Return only what runs from the line containing "沖のイカダで釣れました!!" through the last line of the entries below, exactly, omitting pictures.

[Opening DATA SUPPLIED section]

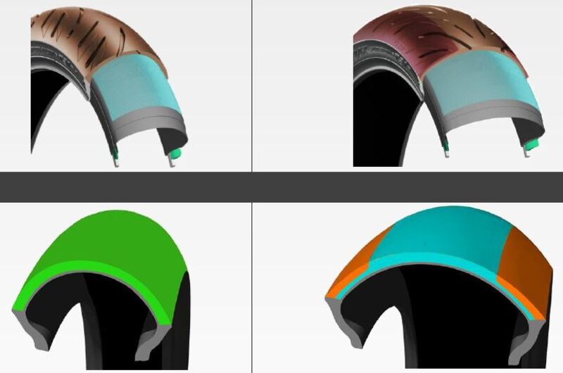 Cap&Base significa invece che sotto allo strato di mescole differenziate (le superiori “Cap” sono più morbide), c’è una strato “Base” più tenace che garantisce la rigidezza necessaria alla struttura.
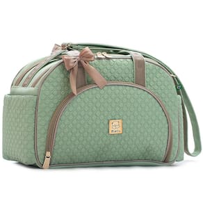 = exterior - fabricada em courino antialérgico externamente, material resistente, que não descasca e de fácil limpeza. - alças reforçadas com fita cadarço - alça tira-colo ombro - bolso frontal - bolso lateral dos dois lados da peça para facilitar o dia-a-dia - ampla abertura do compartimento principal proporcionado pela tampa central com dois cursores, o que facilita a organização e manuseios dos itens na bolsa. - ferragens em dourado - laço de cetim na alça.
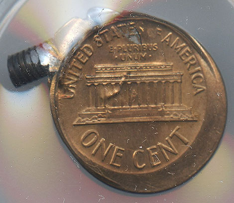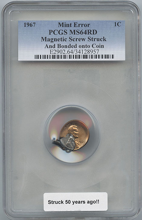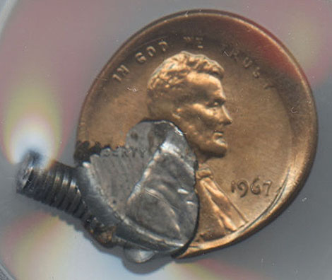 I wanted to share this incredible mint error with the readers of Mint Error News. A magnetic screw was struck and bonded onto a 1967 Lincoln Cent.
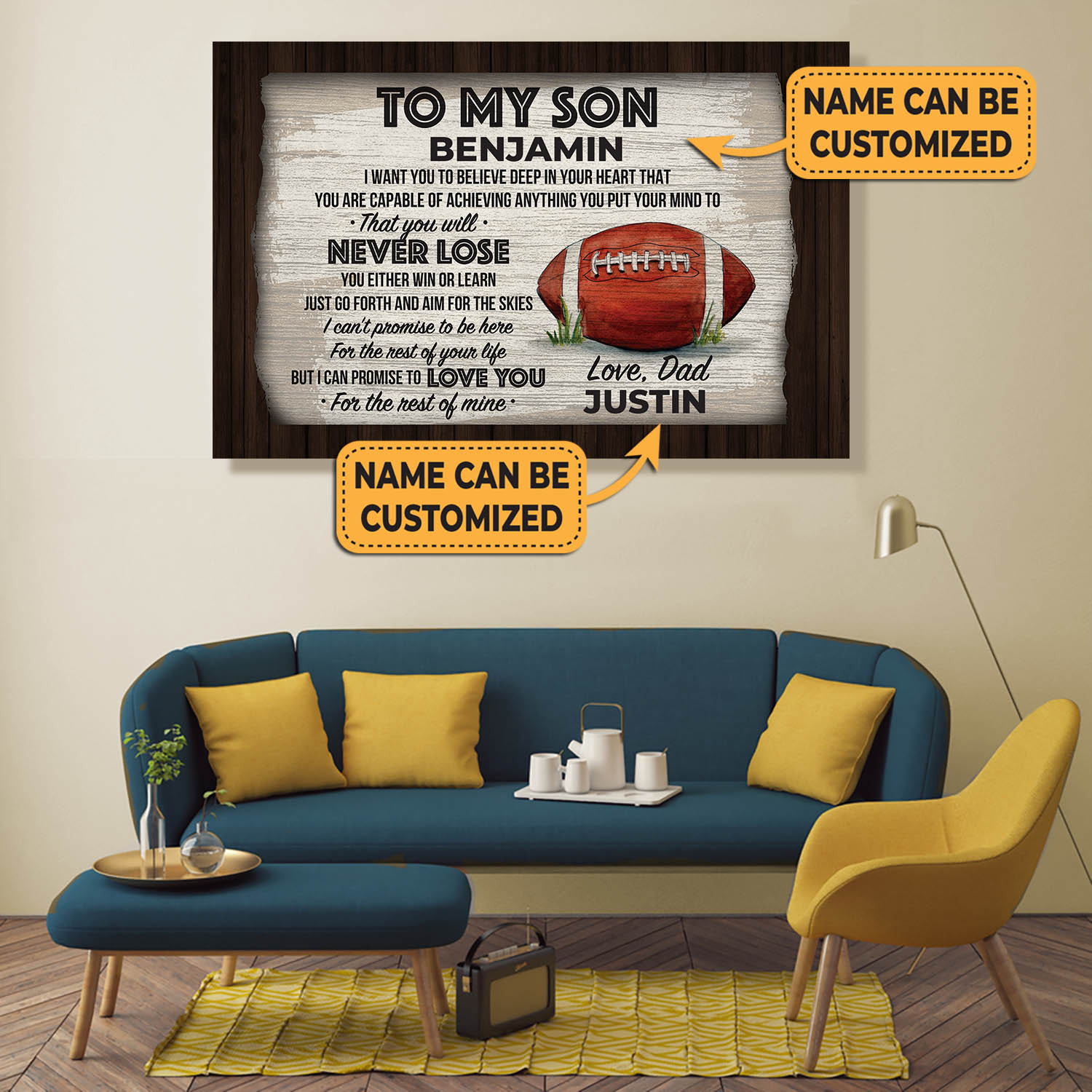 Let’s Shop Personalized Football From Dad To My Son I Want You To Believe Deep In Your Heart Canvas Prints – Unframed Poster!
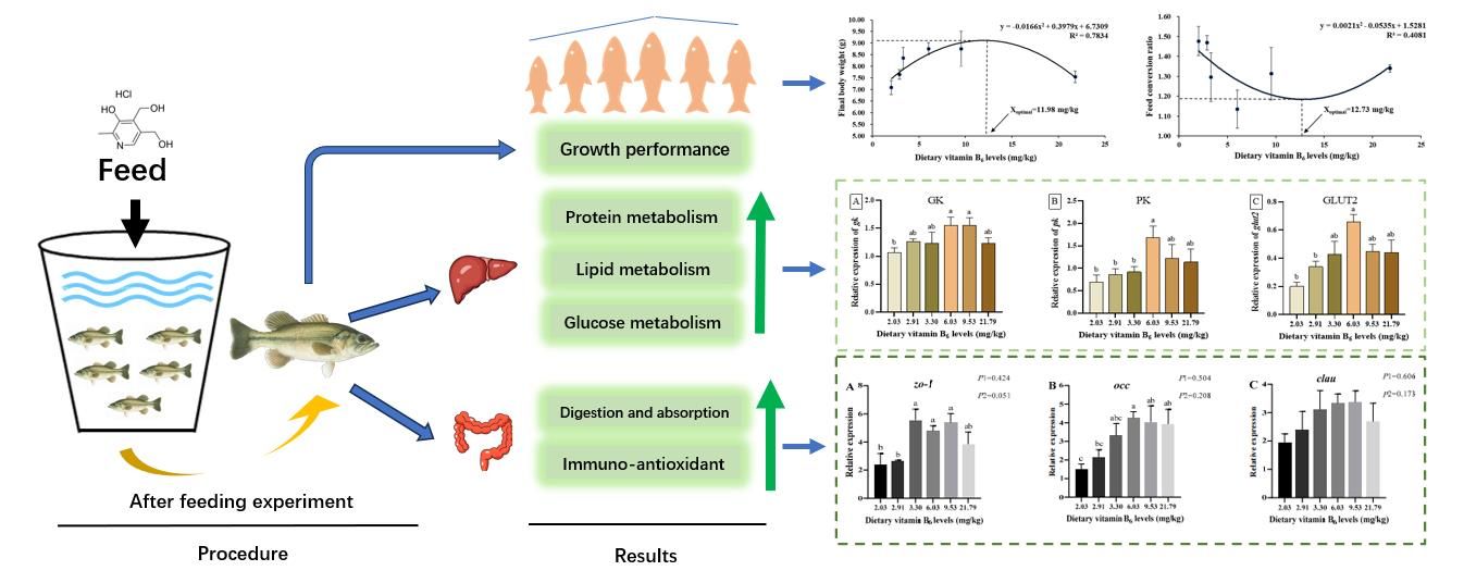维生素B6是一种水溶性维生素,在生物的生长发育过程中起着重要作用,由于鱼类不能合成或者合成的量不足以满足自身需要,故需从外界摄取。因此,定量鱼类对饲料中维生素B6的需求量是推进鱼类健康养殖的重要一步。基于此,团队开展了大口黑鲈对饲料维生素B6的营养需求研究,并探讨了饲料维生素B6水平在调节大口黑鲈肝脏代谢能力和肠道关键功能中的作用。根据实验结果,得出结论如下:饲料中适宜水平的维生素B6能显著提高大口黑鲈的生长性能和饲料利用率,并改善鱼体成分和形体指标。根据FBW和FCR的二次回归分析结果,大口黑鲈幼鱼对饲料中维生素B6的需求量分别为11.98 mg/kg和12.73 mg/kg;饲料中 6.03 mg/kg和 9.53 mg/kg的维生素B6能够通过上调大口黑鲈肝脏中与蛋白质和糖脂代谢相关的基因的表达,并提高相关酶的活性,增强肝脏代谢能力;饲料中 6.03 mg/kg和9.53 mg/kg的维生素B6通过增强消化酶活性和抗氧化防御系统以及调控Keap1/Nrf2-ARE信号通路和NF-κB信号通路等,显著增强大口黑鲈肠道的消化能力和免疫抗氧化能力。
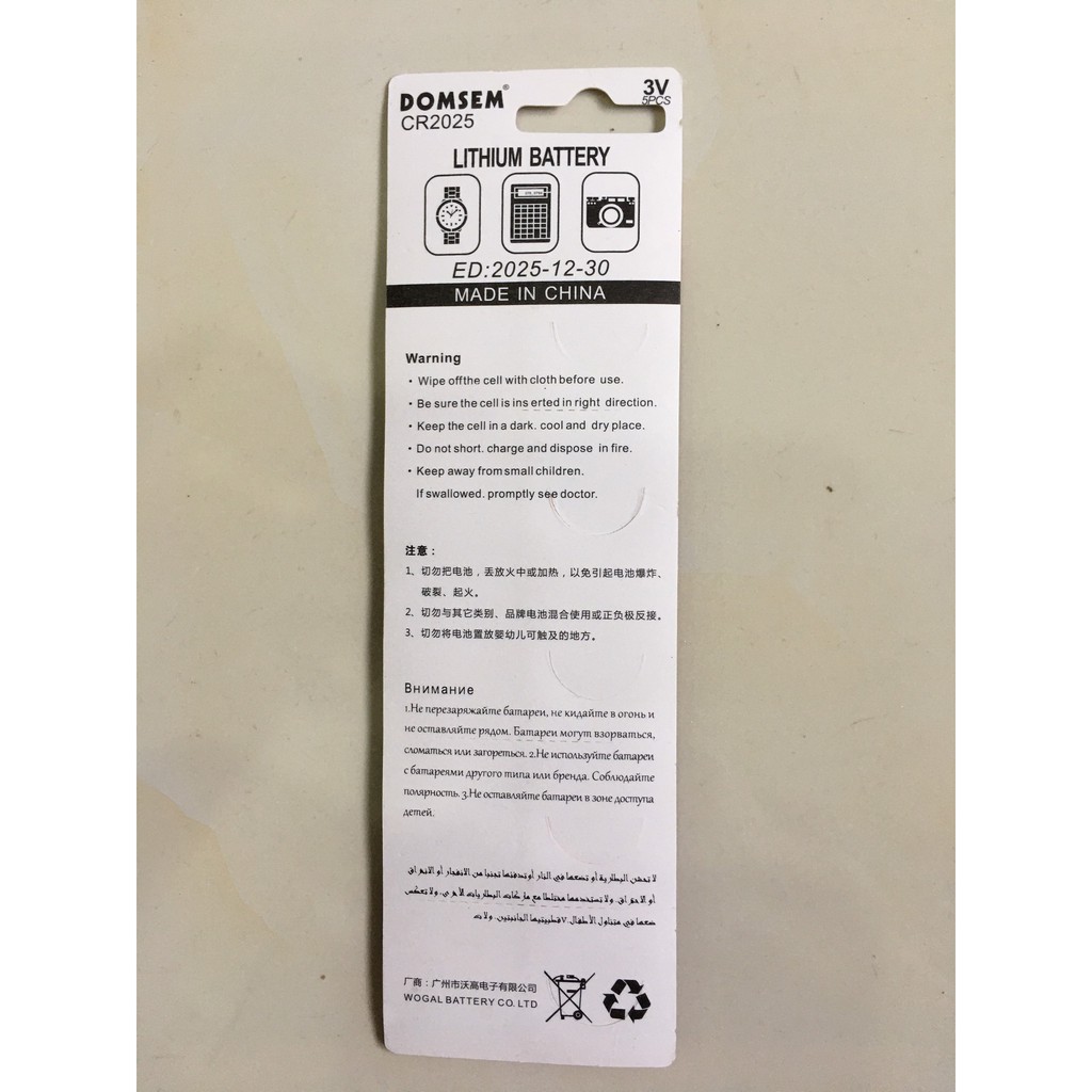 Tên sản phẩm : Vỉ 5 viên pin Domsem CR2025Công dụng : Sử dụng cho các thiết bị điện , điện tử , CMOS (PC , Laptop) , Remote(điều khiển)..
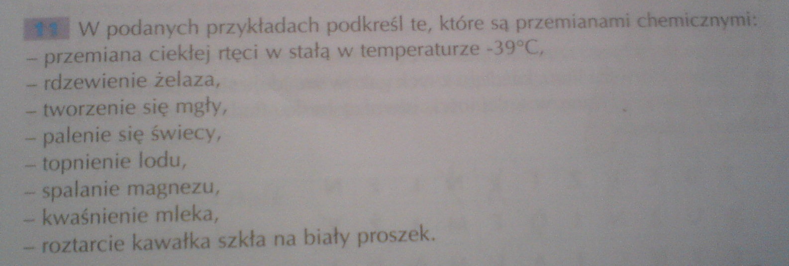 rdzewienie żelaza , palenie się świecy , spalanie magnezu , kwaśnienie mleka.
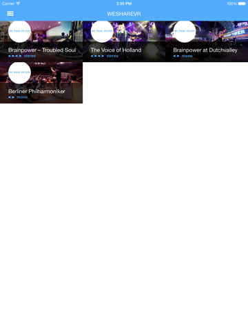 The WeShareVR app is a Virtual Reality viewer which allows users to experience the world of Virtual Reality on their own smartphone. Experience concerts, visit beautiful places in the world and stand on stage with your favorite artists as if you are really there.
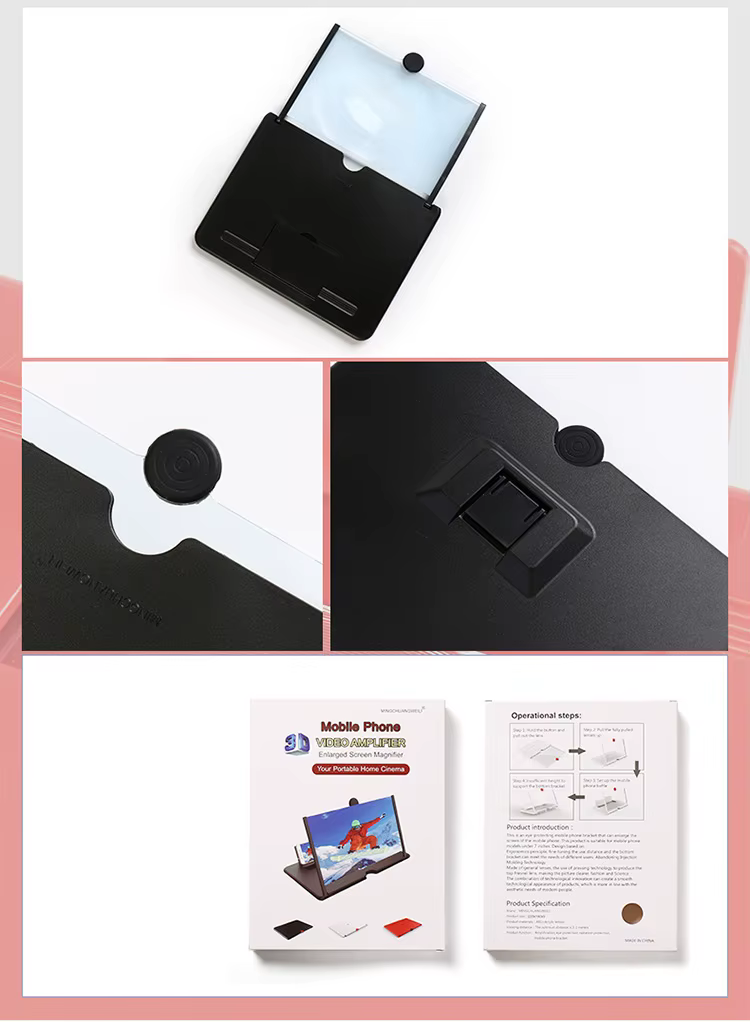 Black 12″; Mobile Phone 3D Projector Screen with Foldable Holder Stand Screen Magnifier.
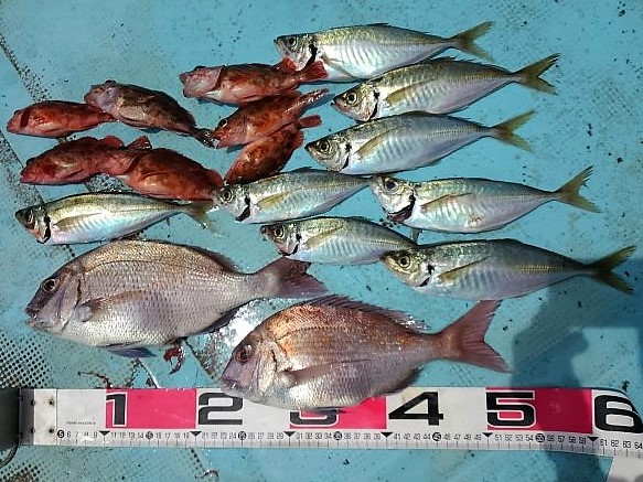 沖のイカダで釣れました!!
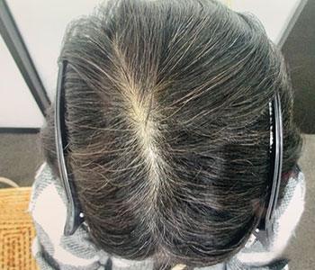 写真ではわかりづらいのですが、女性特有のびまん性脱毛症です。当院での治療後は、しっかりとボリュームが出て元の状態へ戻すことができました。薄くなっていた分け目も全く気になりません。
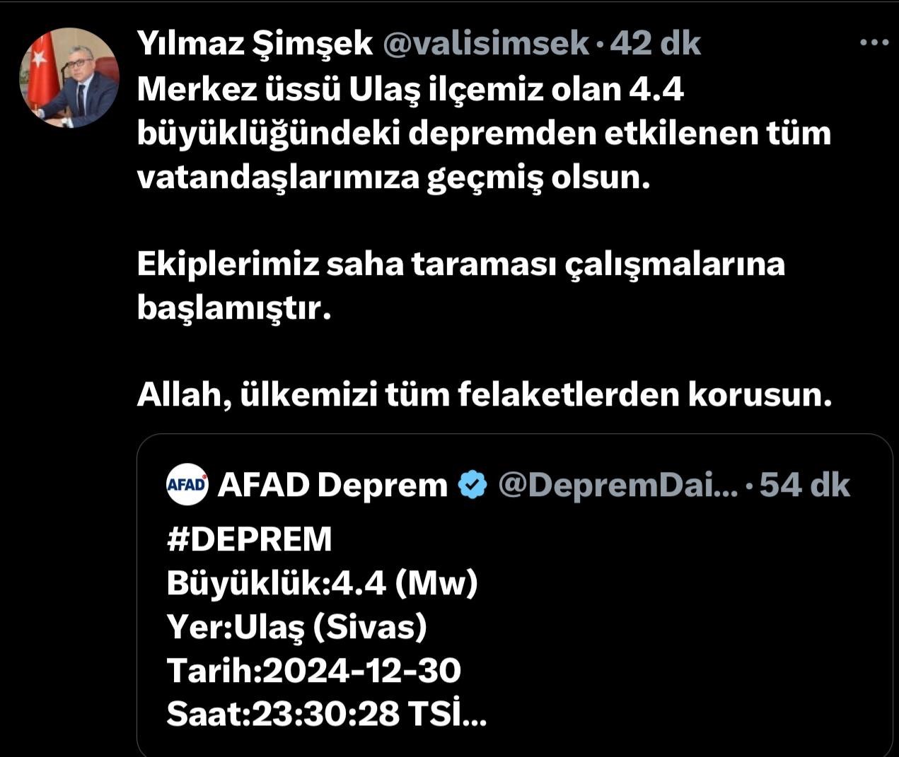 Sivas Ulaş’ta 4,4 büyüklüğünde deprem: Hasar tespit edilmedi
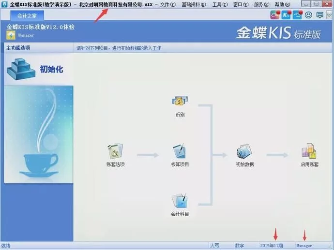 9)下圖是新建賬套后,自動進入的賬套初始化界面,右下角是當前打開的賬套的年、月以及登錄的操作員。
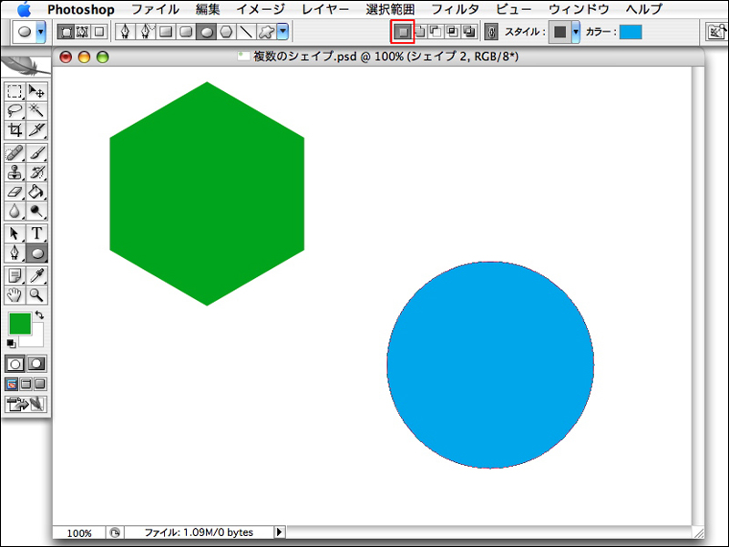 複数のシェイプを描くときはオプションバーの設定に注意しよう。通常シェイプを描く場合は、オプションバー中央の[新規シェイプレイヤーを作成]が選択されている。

[Closing DATA SUPPLIED section]

(WRITTEN SOLUTION):
 沖のイカダで釣れました!!
 写真ではわかりづらいのですが、女性特有のびまん性脱毛症です。当院での治療後は、しっかりとボリュームが出て元の状態へ戻すことができました。薄くなっていた分け目も全く気になりません。
 Sivas Ulaş’ta 4,4 büyüklüğünde deprem: Hasar tespit edilmedi
 9)下圖是新建賬套后,自動進入的賬套初始化界面,右下角是當前打開的賬套的年、月以及登錄的操作員。
 複数のシェイプを描くときはオプションバーの設定に注意しよう。通常シェイプを描く場合は、オプションバー中央の[新規シェイプレイヤーを作成]が選択されている。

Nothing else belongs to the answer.